Bacaklarını kendine çekip gözlerinin dolmasına izin verirken büyük olan da onun bu halini farketmişti. Az bir yol kalmış olsa da aracı ara bir sokağa park ederken araba durduğu için ona bakan bedeni kucağına çekti.

Şehir yaşantısıyla ilk defa karşılaşan genç daha fazla tutamadığı göz yaşlarıyla Minho'ya sıkıca sarıldı. Diğerinin de içinde küçük bir burukluk oluşurken yavaşça boynunda ağlayan bedenin başını okşayarak fısıldadı.

"Sakinleş, ben seni koruyacağım. Bundan sonra sana kimsenin zarar vermesine izin vermeyeceğim. Tamam mı?"

"Minho... Çok korkuyorum. Yine saçlarımı okşuyorsun, bana kötü bir şey yapmayacaksın değil mi?"

Jisung hafif kızarmış gözleriyle doğrularak sorduğunda diğeri hemen reddetti.

"Hayır, hayır. Gerçekten sana zarar vermeyeceğim. Bana güvenmen için ne yapabilirim söyle?"

Küçük olan dinen göz yaşlarıyla tekrar Minho'ya sarılmış ve cevap vermişti.

"Bilmiyorum. Lütfen beni bir an önce buradan uzaklaştır. Daha fazla insan görmek istemiyorum, çok kalabalık."

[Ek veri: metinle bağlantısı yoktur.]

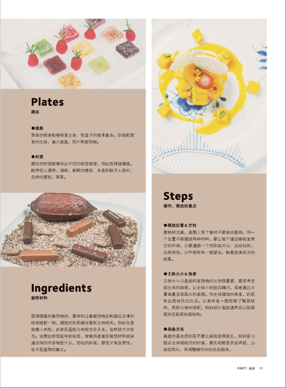 ●结构设计 摆盘一般分为两种类型:一种是通过各种小份的食 材组合而成;另一种则是成品的摆盘,这也是初学 者能够快速开始学习的类型。此种摆盘要特别注意 清楚表达成品的样貌,不要为了填满空间而装饰。 例如,已经摆了巧克力就不要再添加水果、酱汁等 等不相关、没有意义的装饰抢去风采,通过做减法 突显主体。还要记得整体构图的聚焦,例如主体如 果足够明显,就将装饰往外摆,并且不要忽视立体 感,可以使用不同角度或多重堆叠的手法呈现。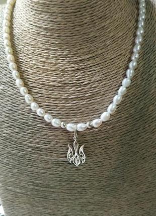 Намисто з натуральних річкових перлів зі срібним тризубом. Довжина 38- 45 см.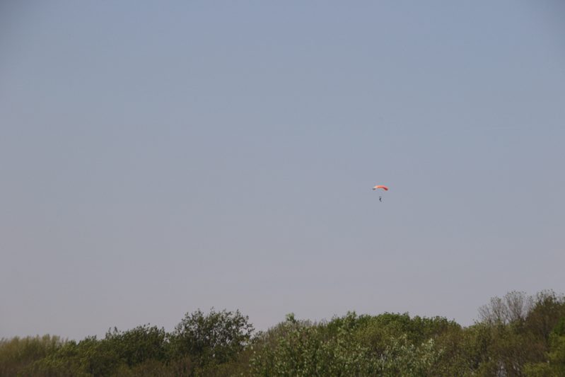 De parachutiste probeerde op een stuk gras te landen, maar kwam in de bosjes terecht.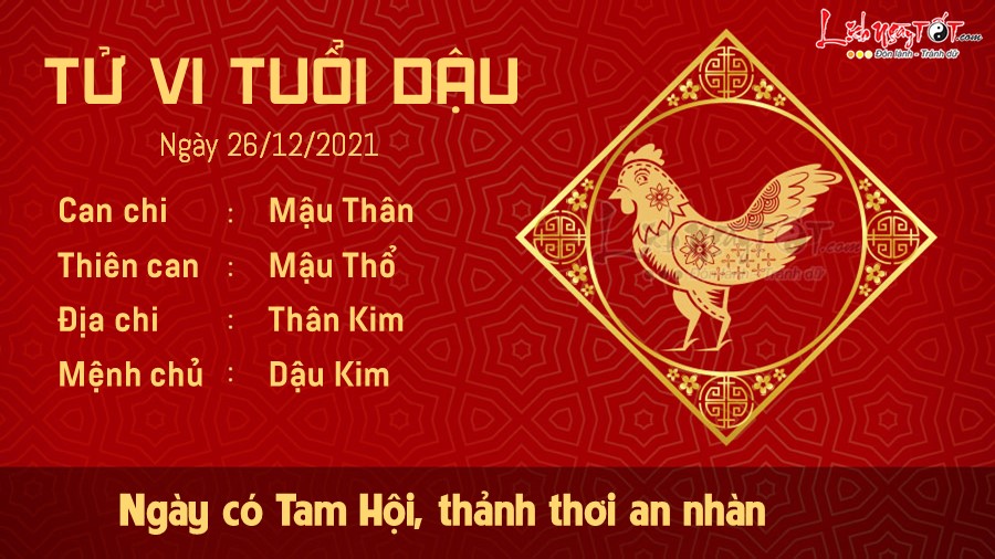 Tử vi ngày 26/12/2021 của 12 con giáp cho biết Tam Hội sẽ đem lại cho Dậu quý nhân giúp đỡ đường công danh, sự nghiệp. Bạn trẻ tuổi Dậu không nên ham chơi quá đà, hãy tận dụng thời gian rảnh rỗi để trau dồi thêm kỹ năng làm việc cho mình, bạn có tài nếu biết phát huy sẽ cực kỳ tốt.
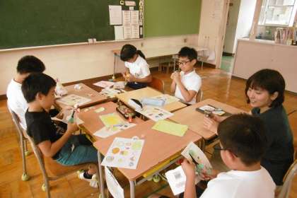 5組は弁当の塗り絵をハサミで切って、弁当箱に詰めていました。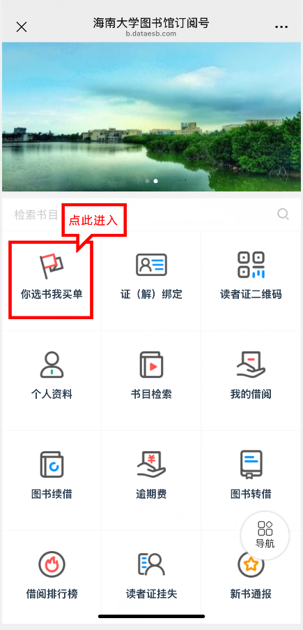 2.从海南大学图书馆订阅号--微服务大厅,选择:“你选书我买单”;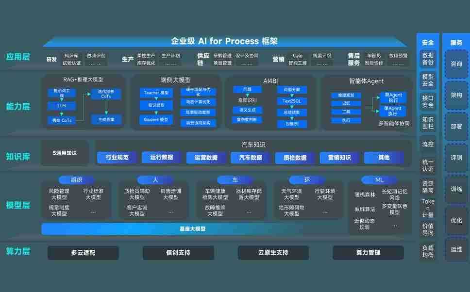 端到端的一站式AI工作空间深度融合了从企业战略规划到日常经营的全流程业务板块,,定向解决车企内部领域多、、部门多、、链条长、、、、场景碎片化等难题,,,支持车企快速构建以AI为核心的生产力写作体系,,,,实现任务执行与AI能力的无缝集成与交互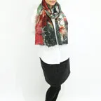 非常に大きなショールサイズで、広げて羽織れば上半身をすっぽりと覆うことができます。縦横の長さも十分にあるため、巻き方の自由度が広がります。程よいボリューム感と立体感を簡単につくることができるため、一巻きでこなれた印象になります。面積もあるので、真夏の室内での冷房対策や膝掛けとしても使いやすくなっています。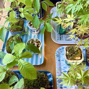 コナラの小品盆栽 株立ちが多層に葉を広げてきた

Büyük olan onu onayladıktan sonra cebinden telefonunu çıkarttı ve kayıtlı bir numaraya mesaj attı. Jisung ise onun yaptığını bulunduğu konumdan ıslak gözleriyle dikkatlice izliyordu. Korece harflerde eksikleri olsa da mesajı okuyabilmişti.

Chan hyung

Jisung alışkın olmadığından fazla korktu bu yüzden evime götürüyorum

Bugünlük dinlensin devamını sonra hallederiz

Minho bir cevap beklemeden telefonu kapatıp aracın içine bıraktığında diğerine döndü. Onu tekrar kucaklamaya yeltendiği sırada ise Jisung daha da sıkı sarılmıştı.

"Sadece yan koltukta oturacaksın. Ben burada olacağım."

Duyduğu cümlelere karşılık pozisyonunu koruyan beden küçük bir çocuk misali mızmızlandı.

"İstemiyorum."

Büyük olan onu daha fazla zorlamamak adına reddetmedi ve arabayı çalıştırarak Jisung'un kucağında yolculuk etmesine izin verdi. Karakolun yolundan ayrılıp kendi evine sürdüğünde aracın içinde sessizlik hakimdi. Minho kucağındaki gencin yüzünü aynanın yansımasından görmeyi denese de başarılı olamadığından endişeliydi fakat elinden gelen başka bir şey yoktu.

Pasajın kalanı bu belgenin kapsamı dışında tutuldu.